• _Data excerpt_:

● ● ●

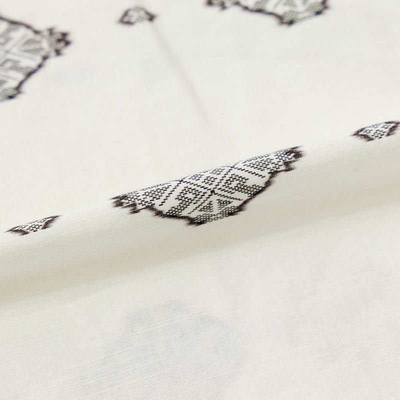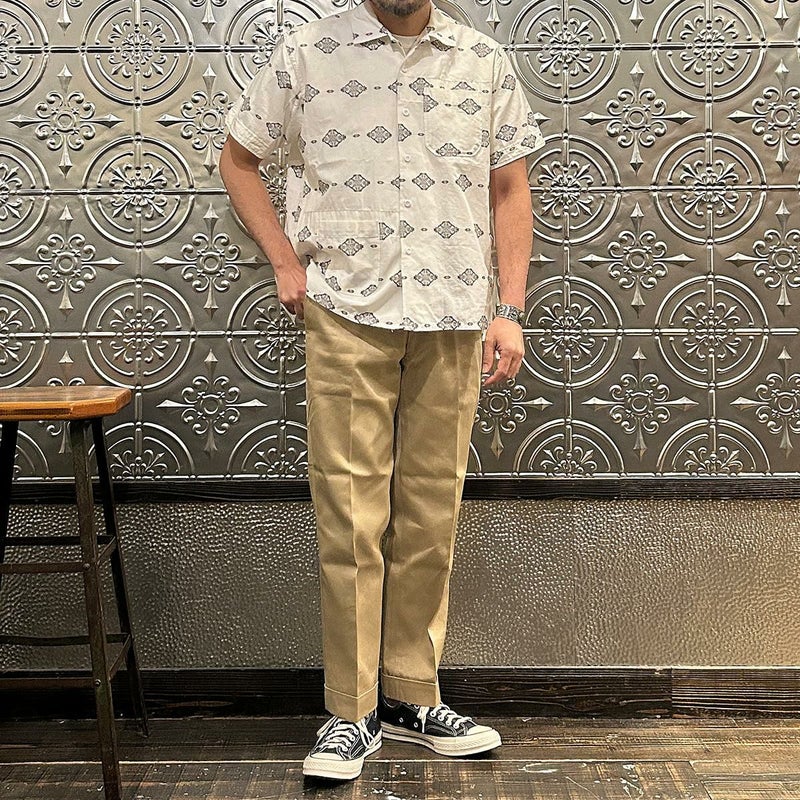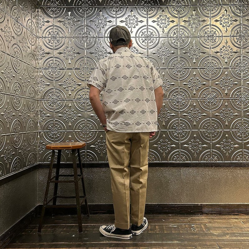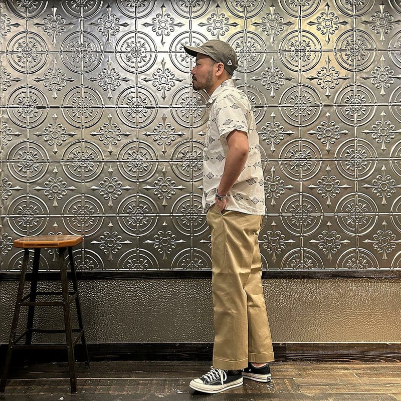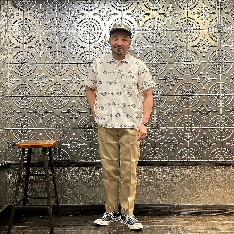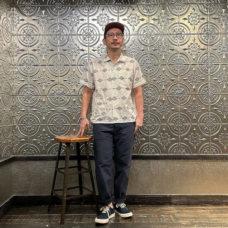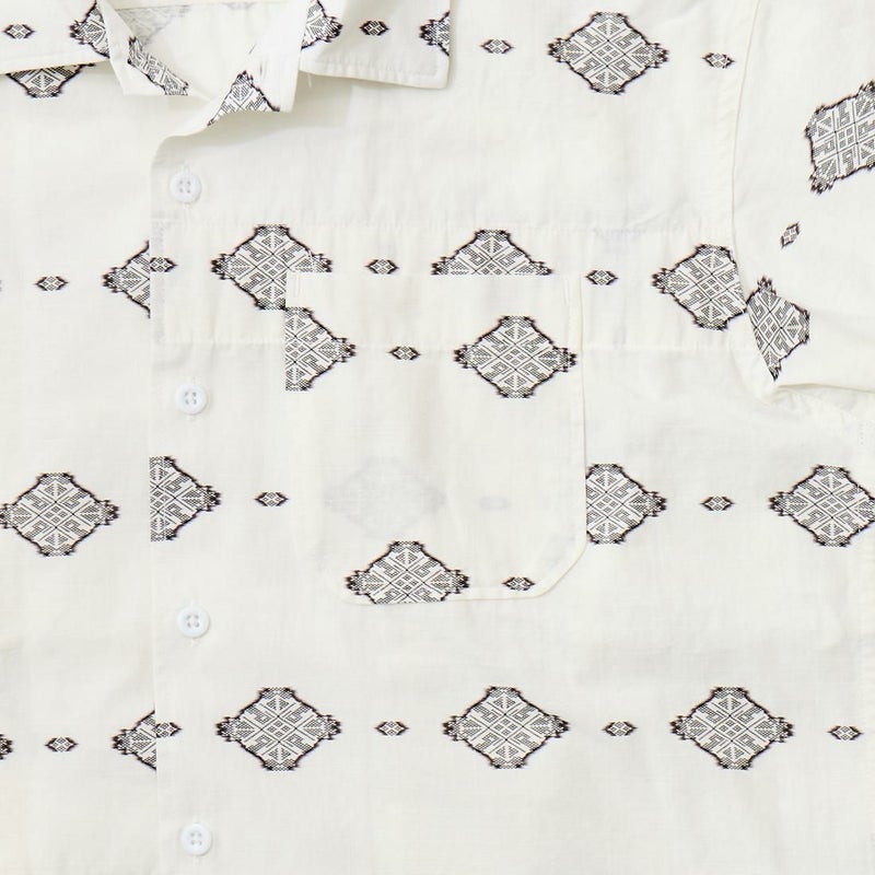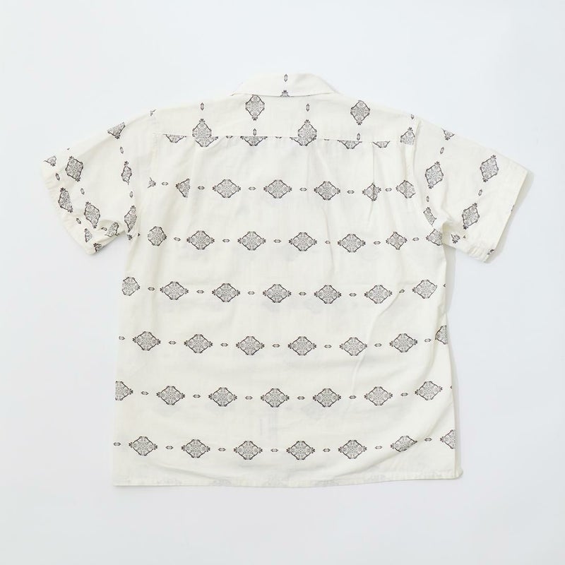 ENGINEERED GARMENTS(エンジニアド ガーメンツ)のCAMP SHIRT COTTON IKAT PRINT。オープンカラーにボックスシルエットのクラシックなデザインのキャンプシャツ。左胸と右下にポケットが配置された左右非対称なデザイン。腰周りの絞りがないボックスシルエット。素材は今シーズンのテーマであるブラックとホワイトの2色を用いたイカットパターン。夏のスタイリングに最適な1着。
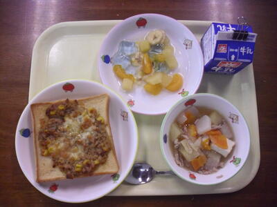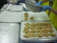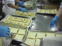 カレーツナトーストは、6名ほどで約670名分を手作りしました。カレー味が食欲をそそりました。ツナとコーンの風味もよかったです。
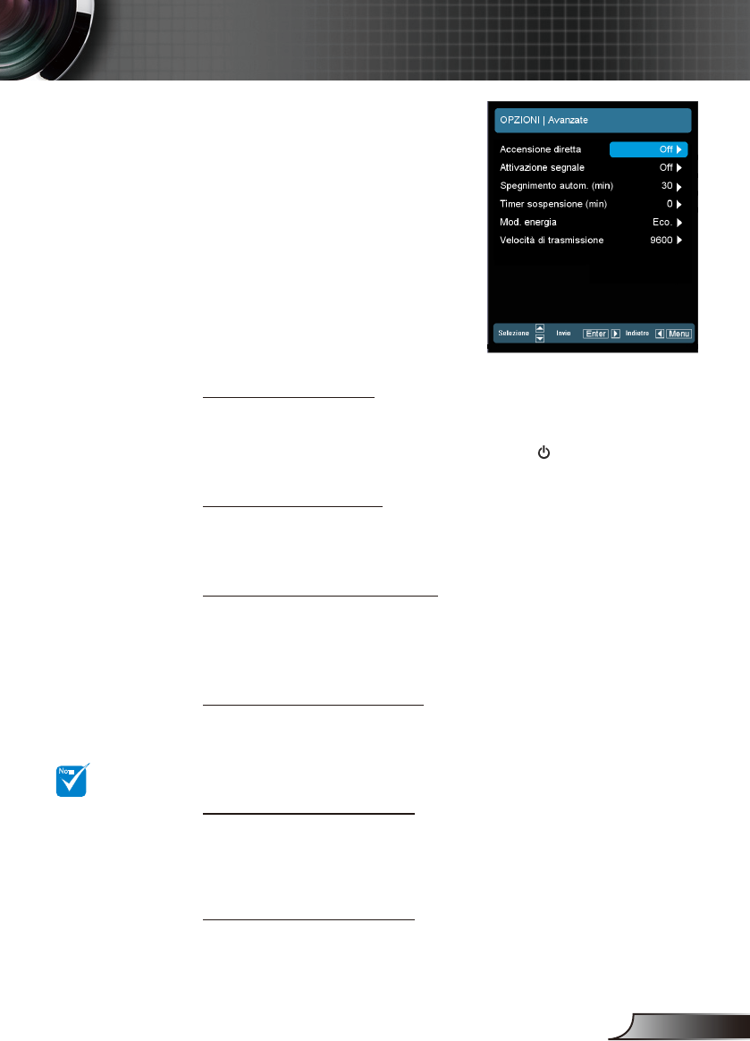 inviato al proiettore. Il proiettore si spegnerà automaticamente al

● ● ●

• _Task description_:
Every line of the data above should be repeated exactly. Omit the pictures.

• _Exercise solution_:
 ENGINEERED GARMENTS(エンジニアド ガーメンツ)のCAMP SHIRT COTTON IKAT PRINT。オープンカラーにボックスシルエットのクラシックなデザインのキャンプシャツ。左胸と右下にポケットが配置された左右非対称なデザイン。腰周りの絞りがないボックスシルエット。素材は今シーズンのテーマであるブラックとホワイトの2色を用いたイカットパターン。夏のスタイリングに最適な1着。
 カレーツナトーストは、6名ほどで約670名分を手作りしました。カレー味が食欲をそそりました。ツナとコーンの風味もよかったです。
 inviato al proiettore. Il proiettore si spegnerà automaticamente al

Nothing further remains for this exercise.